= 2011 Nigerian Senate elections in Yobe State =

Elections in Nigeria

The 2011 Nigerian Senate election in Yobe State was held on April 9, 2011, to elect members of the Nigerian Senate to represent Yobe State. Bukar Ibrahim representing Yobe East, Ahmad Lawan representing Yobe North and Alkali Abdulkadir Jajere representing Yobe South all won on the platform of All Nigeria Peoples Party.

== Overview ==

| Affiliation | Party |  | Total |
| ANPP | PDP |
| Before Election | 2 | 1 | 3 |
| After Election | 3 | 0 | 3 |

== Summary ==

| District | Incumbent | Party | Elected Senator | Party |
|---|---|---|---|---|
| Yobe East | Bukar Ibrahim | ANPP | Bukar Ibrahim | ANPP |
| Yobe North | Ahmad Lawan | ANPP | Ahmad Lawan | ANPP |
| Yobe South | Adamu Garba Talba | PDP | Alkali Abdulkadir Jajere | ANPP |

== Results ==

=== Yobe East ===
All Nigeria Peoples Party candidate Bukar Ibrahim won the election, defeating People's Democratic Party candidate Lawan Jaro Zarami and other party candidates.

2011 Nigerian Senate election in Yobe State
| Party |  | Candidate | Votes | % |
|---|---|---|---|---|
|  | ANPP | Bukar Ibrahim |  |  |
|  | PDP | Lawan Jaro Zarami |  |  |
| Total votes |  |  |  |  |
|  | ANPP hold |  |  |  |

=== Yobe North ===
All Nigeria Peoples Party candidate Ahmad Lawan won the election, defeating People's Democratic Party candidate Hassan Kafayos Husseini and other party candidates.

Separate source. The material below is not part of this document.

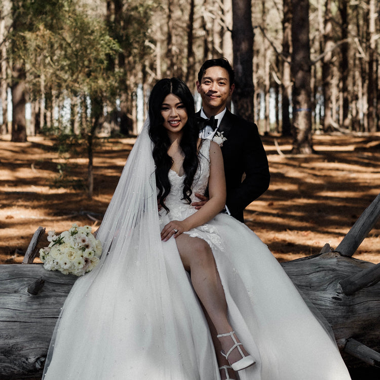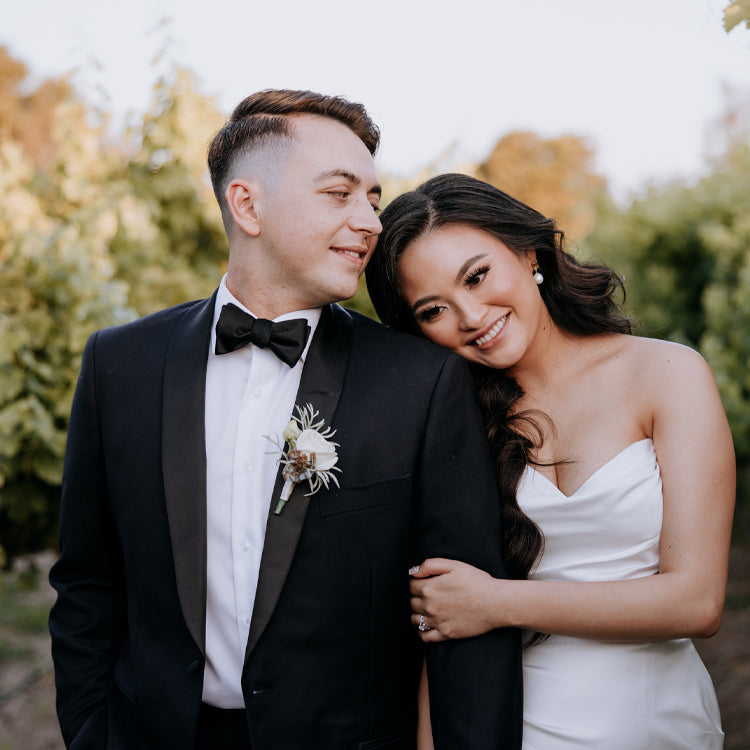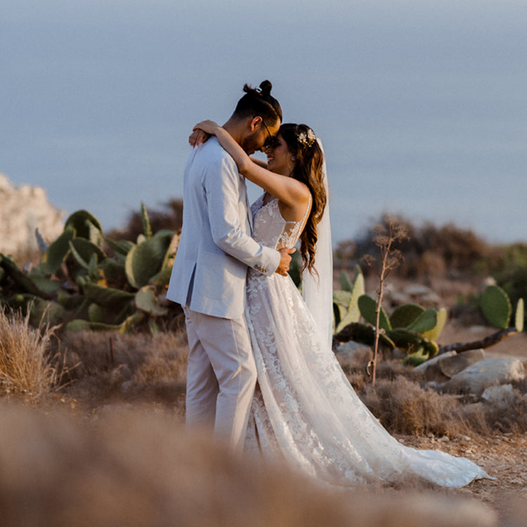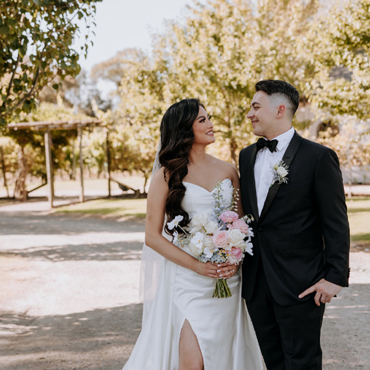 Bride and groom share a moment in a scenic setting, with the bride in a stunning Bridal Melody gown. Perfect for outdoor wedding inspiration.

2011 Nigerian Senate election in Yobe State
| Party |  | Candidate | Votes | % |
|---|---|---|---|---|
|  | ANPP | Ahmad Lawan |  |  |
|  | PDP | Hassan Kafayos Husseini |  |  |
| Total votes |  |  |  |  |
|  | ANPP hold |  |  |  |

=== Yobe South ===
All Nigeria Peoples Party candidate Alkali Abdulkadir Jajere won the election, defeating People's Democratic Party candidate Adamu Garba Talba and other party candidates.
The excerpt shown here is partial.